The combination of envafolimab with Yervoy did not demonstrate synergy when compared to single agent envafolimab and the Company will terminate enrollment in cohort D. This is expected to result in a reduction in trial costs and acceleration of the timeline to final ENVASARC data.

Enrollment of the separate trial of TRACON’s CTLA-4 antibody YH001 with envafolimab and doxorubicin will continue, based on multiple responses seen in the Phase 1 portion of the trial to date using a higher dose of the CTLA-4 antibody. Phase 1 is designed to determine the optimal dose of YH001 in combination with envafolimab and doxorubicin, and the Company expects to report trial data at the Connective Tissue Oncology Society (CTOS) annual meeting in November.

"Achieving a double-digit ORR with a well-tolerated safety profile positions envafolimab to become a potentially compelling treatment option for patients with the refractory sarcoma subtypes of UPS and MFS," said Charles Theuer, M.D., Ph.D., TRACON’s Chief Executive Officer. "The sole approved treatment for these patients is Votrient, which achieved a 4% ORR and carries a black box warning for fatal liver toxicity."

About Envafolimab

Envafolimab (KN035), a single-domain antibody against PD-L1 invented by Alphamab Oncology and licensed by TRACON, is the first approved subcutaneously injected PD-(L)1 inhibitor. Envafolimab was approved by the Chinese NMPA in November 2021 in adult patients with MSI-H/dMMR advanced solid tumors who failed systemic treatment and have no satisfactory alternative treatment options. In December 2019, Alphamab Oncology, 3D Medicines and TRACON entered into a collaboration whereby TRACON has the right to develop and commercialize envafolimab in soft tissue sarcoma in North America.

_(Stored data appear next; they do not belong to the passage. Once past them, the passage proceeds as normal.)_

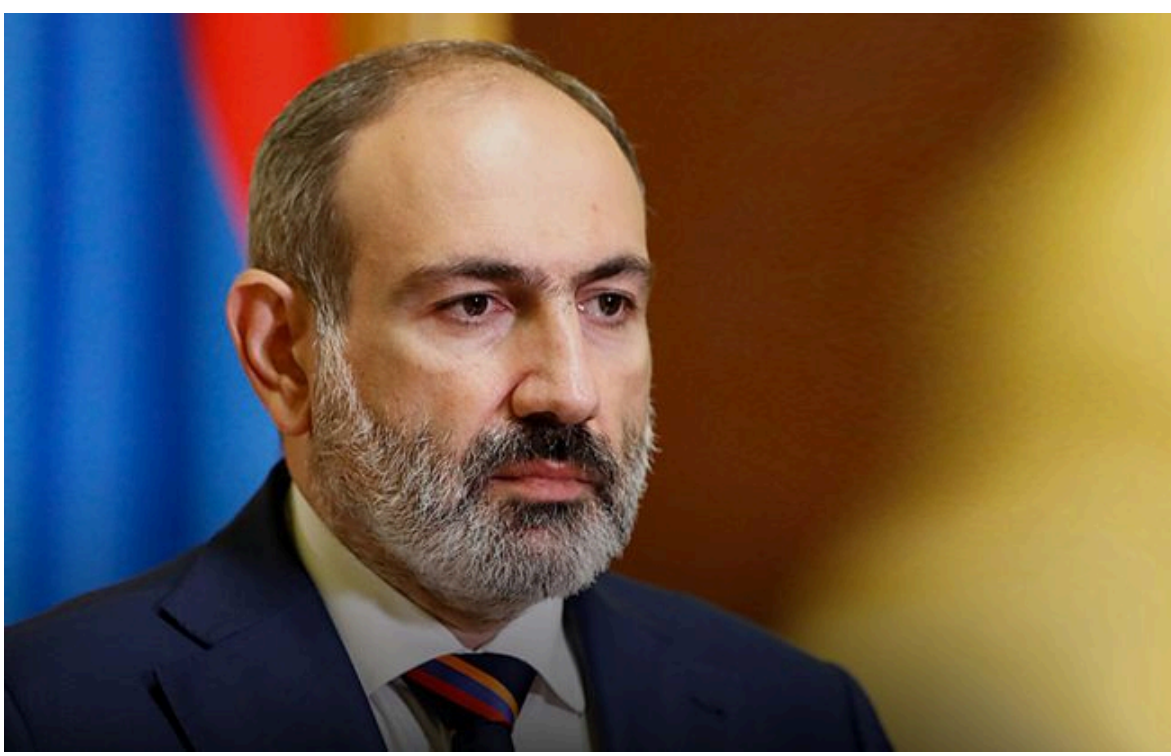
Фото: прем'єр-міністр Вірменії Нікол Пашинян (Getty Images)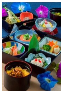
東京迪士尼樂園 「北齋餐廳」 七夕膳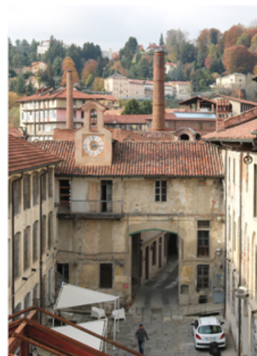
Fotografia del prospetto principale scattata dall'andadora".

Il prospetto sud domina il cortile interno, delimitandolo centralmente insieme alle altre due maniche. L'orologio che sormonta la copertura è stato restaurato in tempi recenti. Questa facciata mostra i segni evidenti delle diverse trasformazioni l'edificio ha subito nel corso del XX secolo.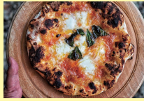
福島市 orioli [天然酵母ピッツァ、クラフトコーラ]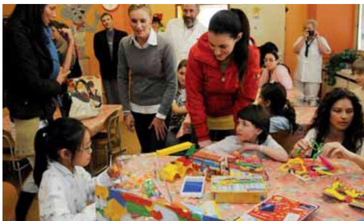
Modelky nepřišly za dětmi hospitalizovanými v Masarykově nemocnici, jež je součástí Krajské zdravotní, a. s., s prázdnou. Aby dětem pobyt v nemocnici lépe utikal, přivezly jim hračky.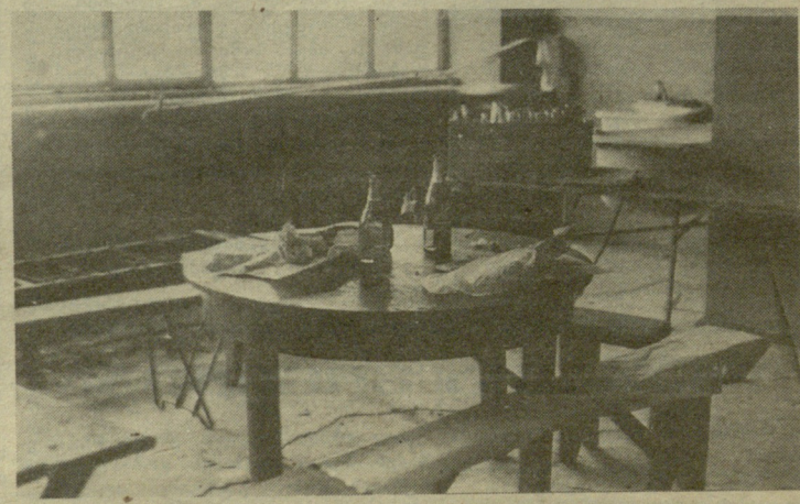
სურათებზე: ზევით — I კვარტალის X კორპუსი, ქვევით — დღეს ახე გამოიყურება ამ კორპუსის საბანკეტო დარბაზი მე-17 სართულზე.

რამდამცინიბანან: როგორც ხედავთ, ერთსა და იმავე საკითხზე ერთი კორპუსის მცხოვრებლები დაამტკიცებულად საწინააღმდეგო აზრი აქვთ. ჩვენი მხრიდან დავძენდით, რომ მე-17 სართლის ფართობი მაინც შეიძლება მოხსნალონ სამსახურელო გამოვიყენოთ. ისე, რომ არც მე-16 სართულზე მცხოვრებ ოჯახებს დაერღვათ მუშაობა. მაგალითად, ამავე კორპუსში ბევრი ტურიზმის მოყვარული ცხოვრობს, რომლებსაც საკუთარი კარები, ზურგჩანთები და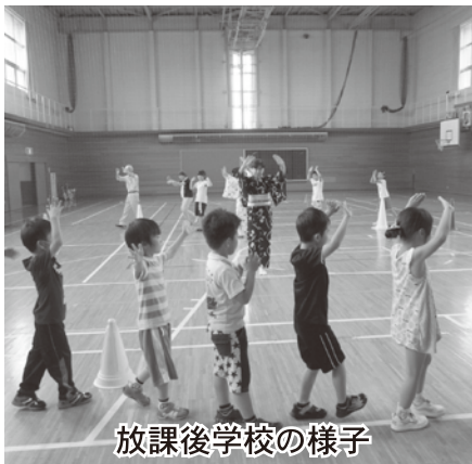
放課後学校の様子

活動内容は「ふれあい遊び」「地域の先生タイム」「四季タイム」「勉強・読書タイム」「スポーツ・レクタイム」の各プログラムがあり、地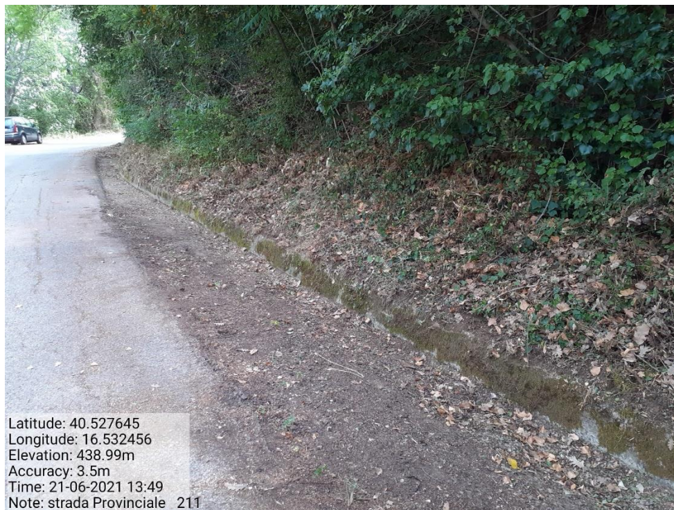
Intervento 5.1.9 Manutenzione Viabilità comunale (Pulizia cunette ) Tronco 23 SP 211 POST OPERAM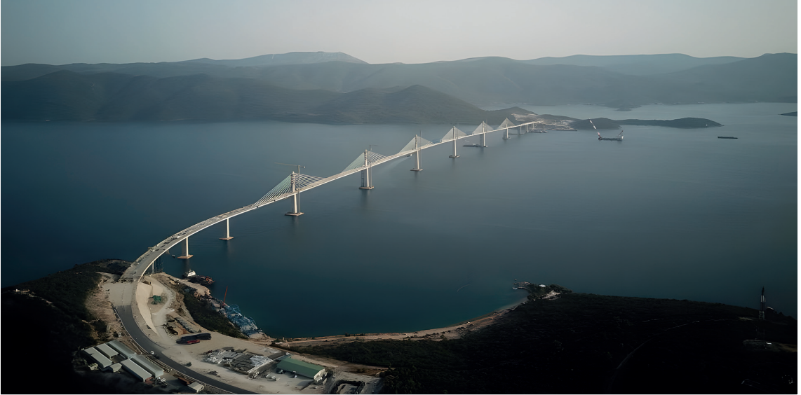
29 Temmuz 2021’de çekilen fotoğraf Hırvatistan’ın güneyindeki Komarna yakınlarındaki Mali Ston Körfezi’nde Kuşak ve Yol Girişimi kapsamında Çin’in inşa ettiği Peljesac Köprüsü’nü gösteriyor. Adriyatik Denizi’ndeki Mali Ston Körfezi üzerindeki 2,4 km’lik köprü, Bosna-Hersek topraklarının kısa bir şeridini atlayarak Hırvatistan anakarasını ve en güneydeki Dubrovnik-Neretva İlçesinin Peljesac Yarımadasını birbirine bağlıyor.

Hindistan Hükümeti, Mayıs 2017’de Güneydoğu Asya, Güney Asya ve Afrika kıtası arasındaki bağlantıyı geliştirmeye odaklanan Asya-Afrika Büyüme Koridoru (AAGC) programını önermiştir. Program, kıtaları bağlayan deniz koridorlarının inşasına vurgu yapar. Programın çevre dostu olmasına ve düşük maliyetli olmasına, aynı zamanda “geniş çapta tanınan uluslararası normlara, iyi yönetime, hukukun üstünlüğüne, açıklığa, şeffaflığa ve eşitliğe” dayanan “karşılaştırmalı avantajına”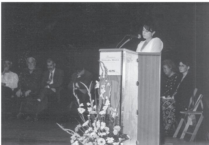
Nunha homenaxe a Manuel María, en 1995

que chegou en setembro de 1991 e do que xa non se moveu. Nel desenvolveu un intenso labor organizativo e promotor de diversas actividades culturais, especialmente literarias, sendo tamén a Xefa do Departamento de Lingua e Literatura Galegas dende 1995.

Envafolimab is currently being studied in the ENVASARC Phase 2 pivotal trial in the United States sponsored by TRACON and a Phase 3 pivotal trial in combination with gemcitabine and oxaliplatin in advanced biliary tract cancer patients in China sponsored by TRACON’s corporate partners, Alphamab Oncology and 3D Medicines. TRACON has received orphan drug designation from the U.S. Food and Drug Administration for envafolimab for patients with soft tissue sarcoma and fast track designation from the U.S. Food and Drug Administration for envafolimab (KN035) for patients with locally advanced, unresectable or metastatic undifferentiated pleomorphic sarcoma (UPS) and myxofibrosarcoma (MFS) who have progressed on one or two prior lines of chemotherapy.

About ENVASARC (NCT04480502)

The ENVASARC pivotal trial is a multicenter, open label, randomized, non-comparative, parallel cohort study at 30 top cancer centers in the United States and the United Kingdom that began dosing in December 2020. ENVASARC is enrolling patients with UPS or MFS who have progressed following one or two lines of prior treatment and have not received an immune checkpoint inhibitor. A total of 80 patients will receive treatment with single agent envafolimab at 600 mg every three weeks. The primary endpoint is objective response rate by central review with duration of response a key secondary endpoint.